We did some sightseeing in Baku, not too much since it was vacation and we were not in a hurry to do anything and also because it was so hot that it took much effort to walk from one place to another. We had to take rests between sights with local Xirdalan beer. Actually, it was much too hot to drink beer all the time so we also drank lots of tea just like the locals. The temperatures were well above 40 degrees Celsius during the day and they dropped to just below 40 at night. We survived only because they have air conditioning everywhere and that included our hotel room so at least we could sleep normally.
The newer parts of the city look just like any modern European city, everything is clean and well kept, there are flowers and grass that is watered every morning. There are also many restaurants with menus in English and that solved our how-to-order-food-when-we-don’t-know-the-language problem.

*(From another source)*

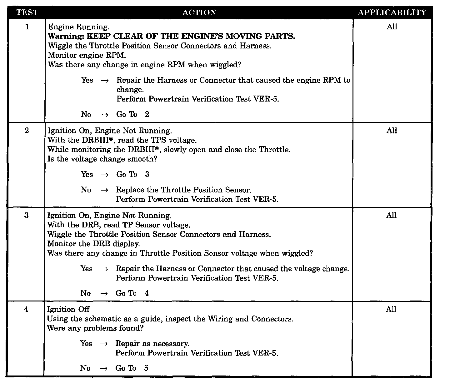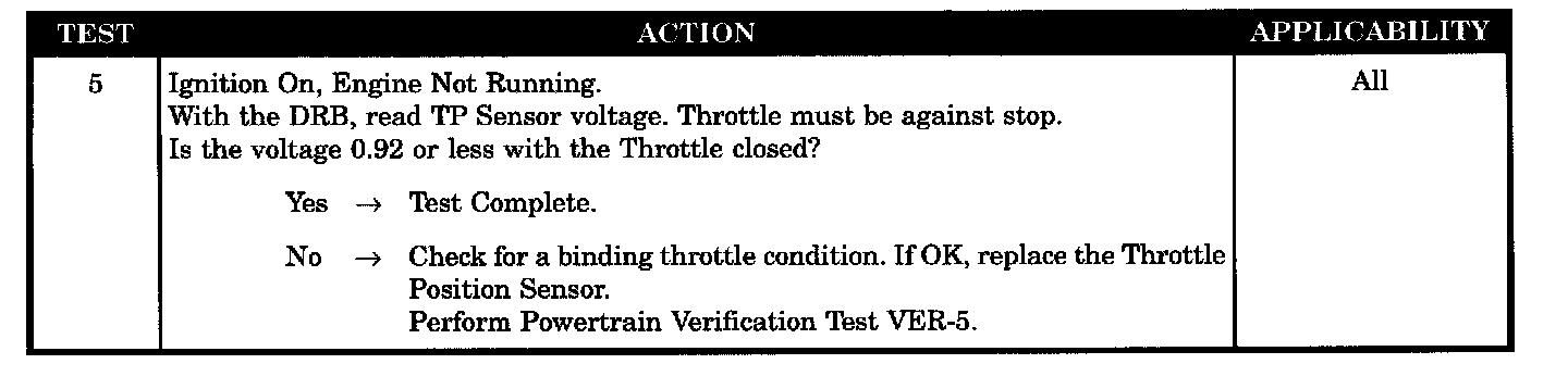 Home >> Chrysler >> 2000 >> Intrepid (CANADA) V6-2.7L >> Repair and Diagnosis >> Powertrain Management >> Computers and Control Systems >> Testing and Inspection >> Component Tests and General Diagnostics >> Checking the Throttle Position Sensor

We went to a carpet museum and we looked over the palace in the Old city. Near the palace we noticed a sign for the Slovenian consulate and that was a surprise since we had no idea that Slovenia had a consulate in Azerbaijan. Actually when we checked into our hotel the previous day they told us that there is a consulate nearby but we just politely acknowledged the information thinking to ourselves that they probably have us mixed up with Slovakia. It also explains how the nearby miniature book museum where we wandered totally by accident has a miniature book by the most famous Slovenian poet France Prešeren. The lady at the museum told us (in Russian which we were by then beginning to understand slightly better) that it was donated by someone from the consulate.
The next day we planned a day trip to
Qobustan. Easier said than done. According to our Lonely Planet guide we needed to go to the bus station and catch some bus to Qobustan and hire a taxi from there. So the first question was where is the bus station in Baku, how do we get there and last but not least, how do you say bus station in Russian? After some discussions with the lady in our hotel reception who tried to be helpful we were unfortunately not able to find where the minibus stops that was supposed to take us to the bus station. We then approached a taxi driver who absolutely did not understand that we wanted to go to the bus station but understood perfectly well that we wanted to go to Qobustan and was willing to drive us there for a nice price. We finally gave up on finding the bus station and negotiated a price for the taxi ride.

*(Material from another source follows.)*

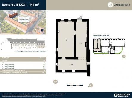 Dovolujeme si vám nabídnout komerční prostor o celkové výměře 141 m² umístěný v 1.NP, který je součástí 2. etapy unikátního projektu Jinonický dvůr. Komerční prostor není zkolaudovaný, kupující si musí sám zajistit vydání kolaudačního rozhodnutí. Nabídka ve stavu SHELL & CORE umožnuje přizpůsobení prostor potřebám budoucího uživatele komerční jednotky. Uzavřený rezidenční areál se nachází v klidné části atraktivní lokality Prahy 5 Jinonicích, v blízkosti přírodního parku KošířeMotol a Prokopského údolí. V rámci druhé etapy vznikly originální komerční prostory s původními klenbovými stropy, které dle stavebního povolení mohou sloužit pro komerční využití: provoz obchodů a služeb běžné občanské vybavenosti (lékárna, květinářství, optika, domácí potřeby, cukrárna, prodejna oděvů, prodejna potravin, pekárna bez výrobny, pouze prodej pečiva a pekařských výrobků). Přiložené vizualizace znázorňují prostor využitý pro kancelář, kadeřnictví či fitness centrum. Lokalita je vzdálena pouhých deset minut jízdy autem nebo 20 minut jízdy městskou hromadnou dopravou do centra Prahy a zároveň je velmi dobře dostupná z pražského letiště. V blízkosti Jinonického dvora se nachází veškerá občanská vybavenost, ať už jde o školu, mateřskou školku, sportoviště nebo nákupní centrum Galerie Butovice, které je vzdáleno pouze 10 minut chůze, podobně jako stanice metra, která je dostupná autobusem nebo za 5 minut chůze. Cena nezahrnuje garážové stání, které si lze dokoupit. V případě zájmu nás neváhejte kontaktovat. Prodej přímo od majitele. Více informací o této komerční jednotce a kompletní nabídce najdete na webu www.creditasre.cz.

At the bus stop in Qobustan there are taxis lined up that wait for those tourists who are better at Russian than we are and who actually make it there by bus. But there are rules for those who arrive by taxi as well. Our Baku city taxi was obviously not allowed to make tourist routes around Qobustan as that is in the jurisdiction of local taxis. There was some very heated discussion between our city taxi driver and a local taxi driver and while I really couldn’t care less how they settled their differences, whatever they were, the final decision was that we are continuing our sightseeing in a local taxi, all of us, including our city taxi driver (the photo below shows Marko flanked by both taxi drivers).
We saw mud volcanoes: they look like mounds of dirt where real mud spurts out. Another tourist family was there at the time and their children were having a party sliding down in the warm oozing mud. We also saw a rock with Roman writing that is supposedly the most eastern place that one of the Roman armies ever reached. And there is a place with prehistoric rock art and a small museum.

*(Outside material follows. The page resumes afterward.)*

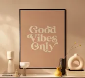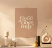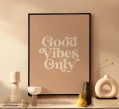 Elevate il vostro spazio con la stampa tipografica "Good Vibes Only". La morbida calligrafia color crema adorna con grazia uno sfondo beige caldo, creando un'estetica armoniosa e invitante. Questa elegante stampa emana positività e tranquillità, rendendola perfetta per qualsiasi ambiente della casa o dell'ufficio. Il design minimalista si adatta perfettamente a diversi stili di arredamento, dal moderno al rustico. Realizzata con materiali pregiati, questa stampa di alta qualità garantisce una bellezza duratura. Abbracciate l'ottimismo e create un'atmosfera serena con questo pezzo d'arte da parete senza tempo, che serve come promemoria giornaliero.
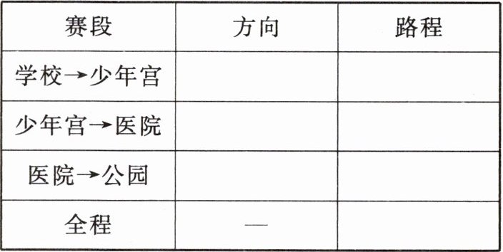 (1)根据下面的路线图,说一说每一赛段的方向和路程,并完成下表。

On our way to Qobustan we drove along the coast from Baku. The driver pointed out fancy hotels and beaches along the way where the wealthy people come to stay. Since I spent most of my childhood summers on the Croatian seacoast I must say that compared to that the Caspian seacoast is ugly, dull, and smelly, offering only views of oil drilling platforms. I sure am glad we didn’t come to Baku for the sea. Another thing we noticed when driving outside of Baku was remains of Soviet industrialization, there were so many factories of which some seemed operating and some were in various states of decay.
While I loved being in Baku because the city really surprised me with its neatness, it was time we made our way further into Azerbaijan and eventually towards Georgia from where we were flying home. So we checked out of our hotel the next morning but we still had to resolve the matter of how to find the bus station.